The IRS and CB provide PIDs in different income bins.  This excludes any direct comparison of the relevant PIDs.  The CB covers incomes between $0 and $250K with bins of $10K before and $50K above $100K. The IRS distribution spans the interval between $0 and $10M with the bin width varying from $1K to $5M. All incomes above $250K and $10M, respectively, are covered by open-end bins for which the width cannot be determined. We have calculated two probability density functions (PDF) for the IRS and CB by dividing their PIDs by the widths of income bins and total population. (We did not normalize to the total incomes because they are practically identical.) Figure 1 presents both PDFs. These curves represent the portion of total population in $1 bins as a function of income. Between $15K and $40K, the PDFs practically coincide. Below $15K, the probability density reported by the CB is higher, and above $40K the IRS curve is above the CB one. Both curves reveal a power law distribution above approximate $70K. This allows an extension of the CB curve above its limit of $250K with a power law function with the index of -3.34 as shown in Figure 2. From Figure 1, one can conclude that the excess of 93,000,000 of people in the CB’s PID is inherently related to low incomes. The IRS compensates the total income deficit associated with the lack of low-incomers by a larger portion of people with higher incomes. In that sense, the CB better covers the sources of low incomes and the IRS includes more accurate sources of incomes above $50,000.

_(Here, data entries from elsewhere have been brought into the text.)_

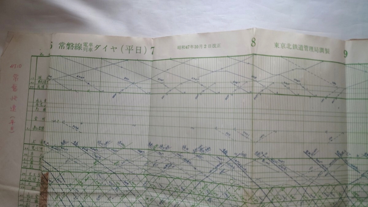 ▽国鉄東京北管理局▽常磐線(快速)電車列車ダイヤ▽昭和47年10月2日改正 ダイヤグラム 運行図表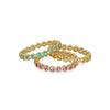 A fun and colourful take on the eternity band. A set of matching Pink Sapphires are set ini our hand pierced yellow gold signature lace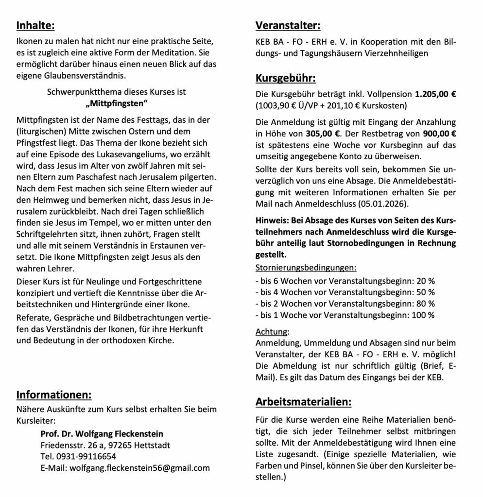 • 2. – 12.2.2006: Thema: Die Christusikone – im Bischöflichen Priesterseminar in Speyer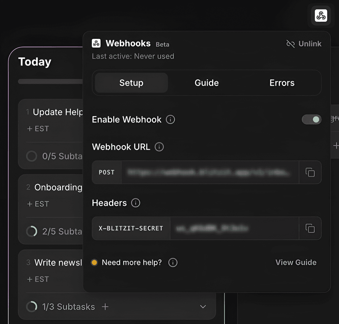 Note: Each Blitzit list has its own unique Webhook URL and Header.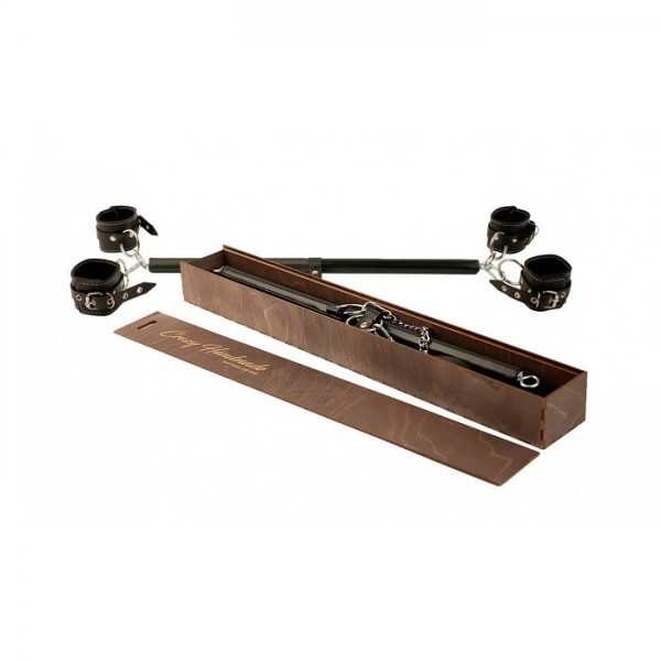 Распорка выполнена из дерева и обтянута натуральной кожей. По краям металлические кольца, к которым крепятся оковы. Посередине распорки находятся широкие металлические кольца, к которым присоединяются наручники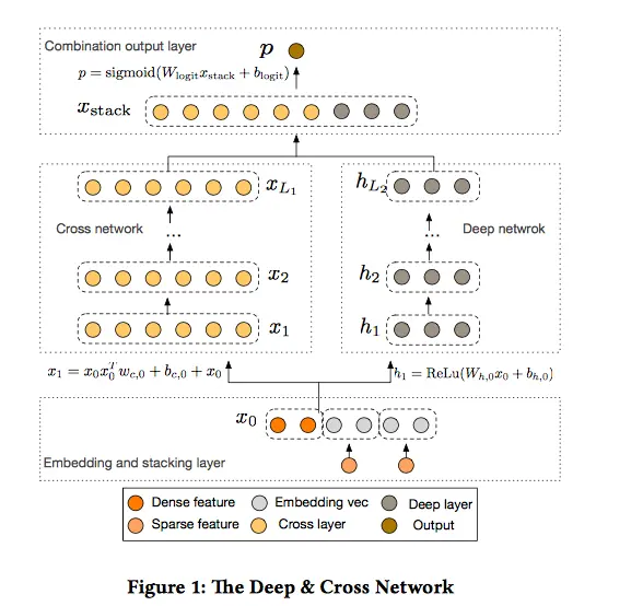 一个DCN模型从嵌入和堆积层开始,接着是一个交叉网络和一个与之平行的深度网络,之后是最后的组合层,它结合了两个网络的输出。完整的网络模型如图: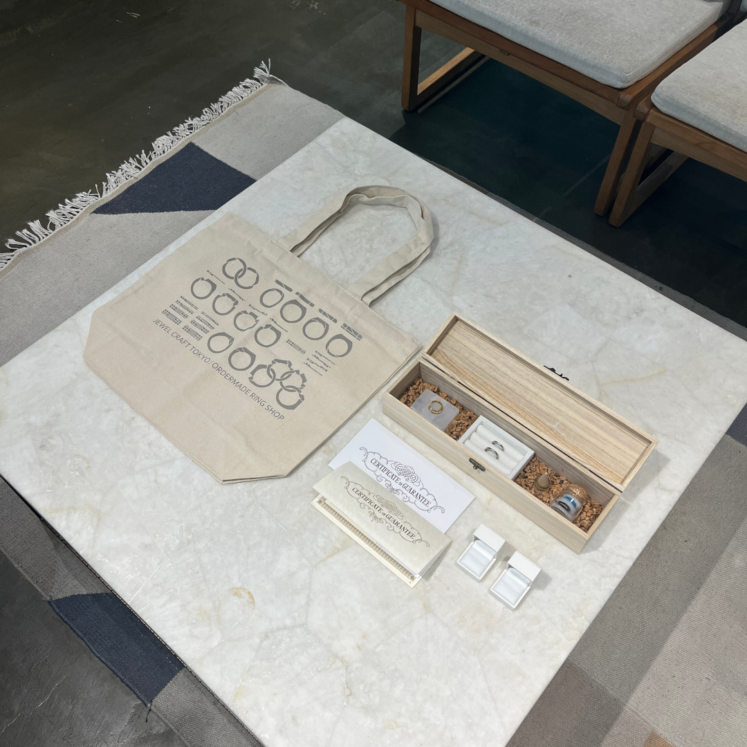 打合せではこのサンプルリングを見ながら幅、素材、仕上げなどデザインの詳細を順番に決めていきます。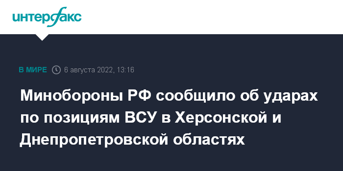 Москва. 6 августа. INTERFAX.RU - Министерство обороны России заявило об уничтожении более 500 украинских военных и иностранных наемников в результате ударов по позициям Вооруженных сил Украины (ВСУ) в Херсонской и Днепропетровской областях.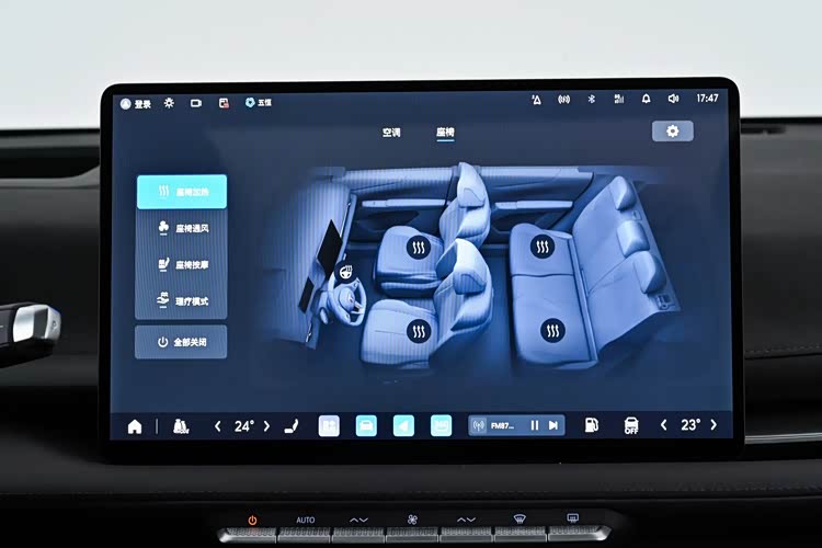 内饰上,至境E7全系标配8.8英寸仪表+15.6英寸中控屏,支持CarPlay、HiCar、CarLink。全系42项舒适配置,包括零重力座椅、方向盘加热、电动尾门、5mm双层静音玻璃+ANC主动降噪。高配版本还提供15.6英寸二排影院屏、7.1.4声道20扬声器杜比全景声音响、银离子冷暖箱及多功能桌板,副驾配伊姆斯零重力躺椅等功能。

In order to construct a comprehensive definition one should combine all sources on income over the whole income axis. The simplest way is to use the CB’s PID below and the IRS’ PID above some threshold. We have chosen the level of $75K because there are bins starting with this value for both the IRS and CB. The number of people reported by the IRS and CB with incomes above $75K is different: 19,452,000 and 15,218,000, respectively. The former number is more accurate since the IRS includes almost all sources of high incomes and we consider the joint (merged IRS/CB) distribution at high incomes to be that reported by the IRS. The extra 4,234,000 people with incomes above $75K might be counted in by the CB as having lower incomes. However, one cannot easily redistribute the CB’s PID by extracting these four millions. Therefore, we just added 4,234,000 to 221,591,000 reported by the CB in order to calculate the basis for the corresponding PDF. This is a crude approximation but it should not introduce a large bias in the lower income bins since it is less than 2% is added. At lower incomes, we use the CB’s PID. Figure 3 shows the new merged PID (black line) which includes 225,000,000 and $7,819B.  The total income in the merged distribution is closer (895) to the GPI.
Figure 1. PDFs for IRS and CB

Figure 2.  The high income PDFs for the IRS and CB. The actual CB PDF shown by red circles and is extended by a power law with the index of -3.34 as shown by yellow circles.  The highest two values reported by the IRS lie above the power law distribution and are shown by blue squares with red contour. The expected values are shown by yellow squares.  
Figure 3. The merged personal income distribution.  At lower incomes, we retained $5K bins instead of $10K in Figure 1. At higher incomes, the merged PID is parallel to that reported by IRS but is much lower because the normalization basis has been increased from 128M to 225M people.